How to specify weakly informative priors for beta regression with 10 predictors?

Hi all,

I’m running a beta regression with 10 continuous predictors. I’m fairly new to Bayesian modeling (about a week in), and I’m trying to set weakly informative priors. I specified the following after standardizing my predictor:

  • Intercept: Normal(-0.5, 1.2) — based on the mean and SD from a previous study
  • Beta coefficients: Normal(0, 1)
  • Phi : gamma(0.1, 0.1) (the brms default)

When I simulate outcome data from these priors, most simulated y values are very close to 0 or 1. I assume it is because the number of predictors combined with liberal betas adds up.
I tried tightening the beta priors, but I worry this might make them too informative. I’m confused about how to proceed and how to balance having weakly informative priors while keeping the prior predictive distribution reasonable. I would be really grateful for any advice on this issue :)

Good on you for checking the prior predictive distribution. Shrinkage priors were developed exactly for this reason. I would recommend looking into the R2D2 prior paradigm, which is nicely implemented in brms and is an elegant solution to decomposing the explained variance between your predictors.

2 Likes

Hi, @spn, and welcome to the Stan forums!

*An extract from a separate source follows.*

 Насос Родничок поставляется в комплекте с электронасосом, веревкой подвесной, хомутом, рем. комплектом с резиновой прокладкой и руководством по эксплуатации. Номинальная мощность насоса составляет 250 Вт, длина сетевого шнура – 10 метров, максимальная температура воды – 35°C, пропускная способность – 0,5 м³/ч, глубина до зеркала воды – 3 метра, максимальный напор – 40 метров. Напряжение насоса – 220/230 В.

The problem you’re running into is that independent weakly informative priors do not add up to a multivariate weakly informative prior. This was the point of the (arguably misleadingly named) paper that led us to take prior predictive checks more seriously:

As @mhollanders pointed out, you probably need a better weakly informative joint prior from which to simulate. I don’t know if the R2D2 prior easily admits simulation, but @bgoodri will know.

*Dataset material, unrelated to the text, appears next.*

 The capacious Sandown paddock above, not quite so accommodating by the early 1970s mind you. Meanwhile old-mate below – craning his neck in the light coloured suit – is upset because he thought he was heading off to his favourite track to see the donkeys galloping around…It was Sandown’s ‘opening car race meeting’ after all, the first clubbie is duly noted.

Also, it’s OK to simulate from a more constrained prior than you will use to fit as long as there’s enough data to resolve the model. You can’t do strictly proper simulation based calibration this way, but I believe it’s what most of us do in practice.

1 Like

Thank you so much for the reply and explanation @mhollanders and @Bob_Carpenter :) I will try working it out with R2D2 prior! @Bob_Carpenter, I am not sure if I understood your last point correctly: if the data is strong enough, the posterior will be dominated by it, so is it okay to use a slightly different (more constrained) prior for prior predictive checks? I might be misunderstanding.